Lonely? Here's Hope

BareBirchTrees.jpg

A book on loneliness was released this past week, and I highly recommend it to you: The Great Belonging: How Loneliness Leads Us to Each Other by Charlotte Boyd Donlon. If you and I are friends on social media you may have seen my post about it on Facebook or Instagram a couple weeks ago after I received a preview copy. I wondered then, before even reading it, how Donlon could have known while writing it in pre-Covid days that her book on loneliness would be released during the most lonely time in recent history. I'm grateful for the book's arrival.

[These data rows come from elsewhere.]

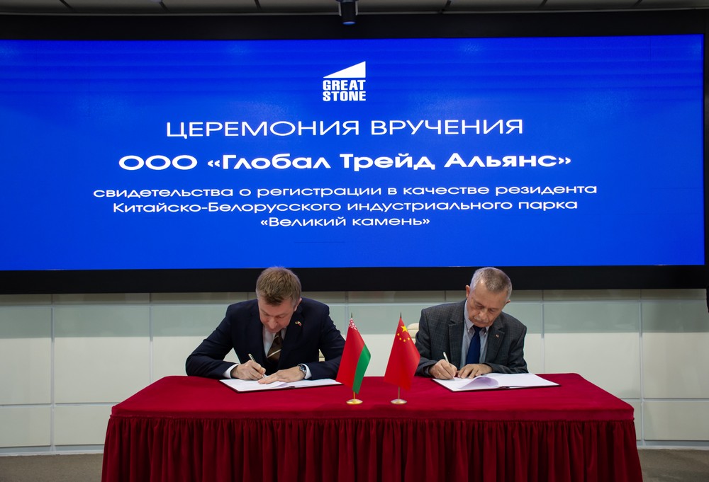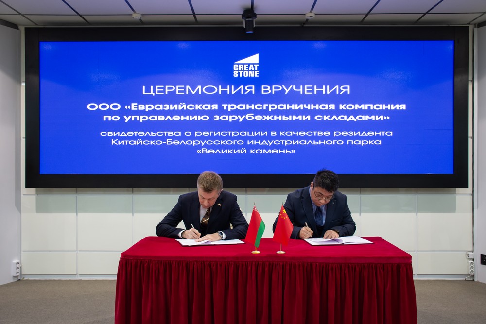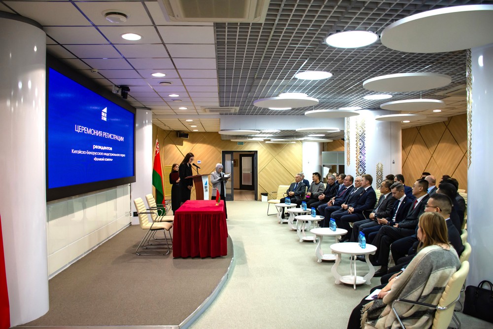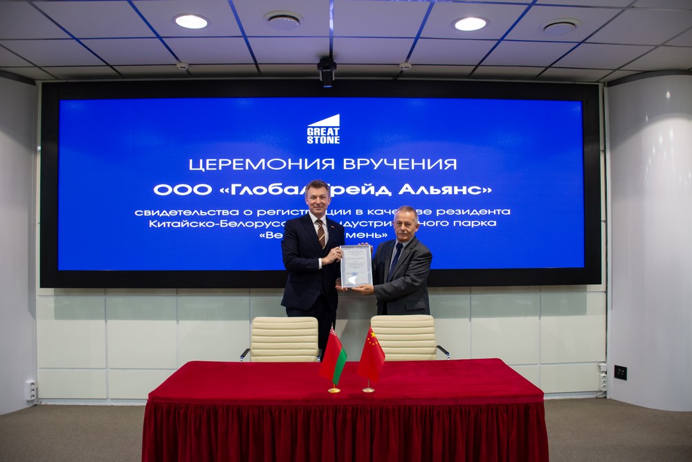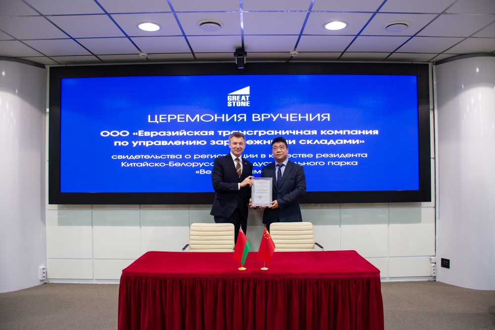 2025年12月5日,中白工業(yè)園隆重舉行居民企業(yè)入園儀式。園區(qū)管委會(huì)第一副主任列別江采夫向環(huán)球貿(mào)易聯(lián)盟有限責(zé)任公司、歐亞跨境海外倉(cāng)管理有限責(zé)任公司的代表正式頒發(fā)居民企業(yè)證書。
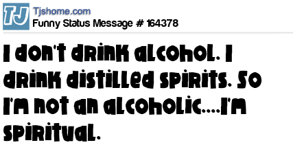 X says I don't drink alcohol. I drink distilled spirits. So I'm not an alcoholic....I'm spiritual.
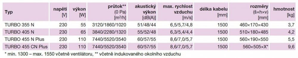 Ventilátory jsou vhodné pro větrání výrobních hal, sléváren, kováren, sušáren, strojoven, stavenišť, skleníků a chovných stanic. Ventilátory splňují IEC 60879. SkříňSkříň je z ocelových kruhových profilů, galvanicky pokovených, provedení chrom. Skříň je vybavena ochrannou mřížkou podle EN 60335-1 a EN 60335-2-80 a je namontována na stojanu z ocelových trubek. Skříň je možno po povolení matic natáčet podle potřeby směrování proudu vzduchu. TURBO CN má dlouhý nastavitelný stojan o celkové délce včetně ventilátoru 1300–1550 mm. Oběžné koloOběžné kolo je z ocelového plechu, tvar „SICKLE“ je speciálně optimalizovaný z hlediska maximálního průtoku a tlaku při minimální hlučnosti. MotorMotor je asynchronní s kotvou nakrátko, vnějším rotorem a rozběhovým kondenzátorem. Kuličková ložiska s tukovou náplní na dobu životnosti. Motor je dynamicky vyvážen dle ISO 1940 a obsahuje tepelnou ochranu. Krytí IPX0. Směr otáčeníSměr otáčení není možno měnit. Průtok vzduchu od oběžného kola k motoru. SvorkovniceSvorkovnice je součástí ventilátoru a je umístěna na motoru. Regulace otáčekRegulace otáček se provádí třístupňově, regulace a vypínač je součástí ventilátoru. HlukHluk emitovaný ventilátorem je uveden v tabulce. MontážMontáž ventilátoru v každé poloze osy motoru. Ventilátor lze postavit na pracovišti na libovolný pevný základ. PokynyVentilátory jsou vhodné pro větrání výrobních hal, sléváren, kováren, sušáren, strojoven, stavenišť, skleníků a chovných stanic. Ventilátory splňují IEC 60879.

Instead of spelling out "Ten Ways to To Beat Loneliness," Donlon, a spiritual director, instead models for us how to be curious about loneliness, and by being curious, to discover what there is to discover because of loneliness. Through curiosity, loneliness shifts from being something to avoid at all costs toward instead becoming a kind of wise companion on the journey of life. Through her meditations and stories, Donlon asks us to consider what loneliness is teaching us and to consider how God's grace supports us in our loneliness.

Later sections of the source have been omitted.